New York City Finally Stands Up to Occupy

Has New York City finally decided to stand up to Occupy Wall Street? A recent rapid shutdown of direct actions by the movement, combined with ongoing prosecutions, may indicate that the movement has worn out its welcome with the city–which is bad news as the group tries to reignite the movement for an ‘American Spring.’

We reported just yesterday that the Occupy Wall Street movement seemed to be trying to set up in Union Square. Well, as MSNBC reports, that party is over.
Police confronted Occupy Wall Street protesters in New York’s Union Square just after midnight on Wednesday morning, forcing them to vacate their newly-established camp in the park. Officers, who cited a usually unenforced rule that the park be closed overnight, made one arrest, according to a report in The New York Post.
And earlier this month, Reuters reported ongoing prosecutions against Occupy activists Jeff Rae and Malcolm Harris connected to the Brooklyn Bridge march last October that resulted in over 700 arrests. Reuters said:
Jeff Rae, 31, who was arrested during a mass protest on the Brooklyn Bridge in October, posted the subpoena on his Twitter account Monday.

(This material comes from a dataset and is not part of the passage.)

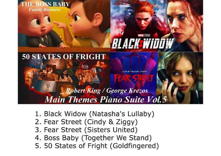 This Piano Suite contains 3 main themes from famous movie soundtracks composed by Armand Amar / Paul Leonard-Morgan / Alberto Iglesias. Arranged by George Krezos.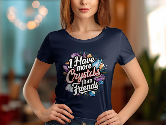 Crystal Lover T-Shirt, I Have More Crystals Than Friends Quote, Colorful Gemstone Graphic Tee, Casual Comfy Shirt for Crystal Collectors

The subpoena seeks all of Rae’s tweets from Sept. 15 — two days before the Occupy movement began in downtown Manhattan — through Oct. 31, along with account and contact information for Rae.
The subpoena, which Twitter emailed to Rae, is dated March 8.
A faxed cover sheet posted by Rae indicates that the Manhattan District Attorney’s office subpoenaed Twitter for five different user accounts. It was not immediately clear whether the other four are also Occupy defendants, though in January prosecutors filed a subpoena seeking similar information from Malcolm Harris, another arrested protester.
We’ve previously featured Harris for his comments at the Bluestocking panel discussion on Occupy last October that also featured his self-decribed ‘best friend’, writer Natasha Lennard. Ms. Lennard was also arrested on the Brooklyn Bridge and covered the story for The New York Times. After that story broke on, the Times announced it was severing its relationship with Ms. Lennard.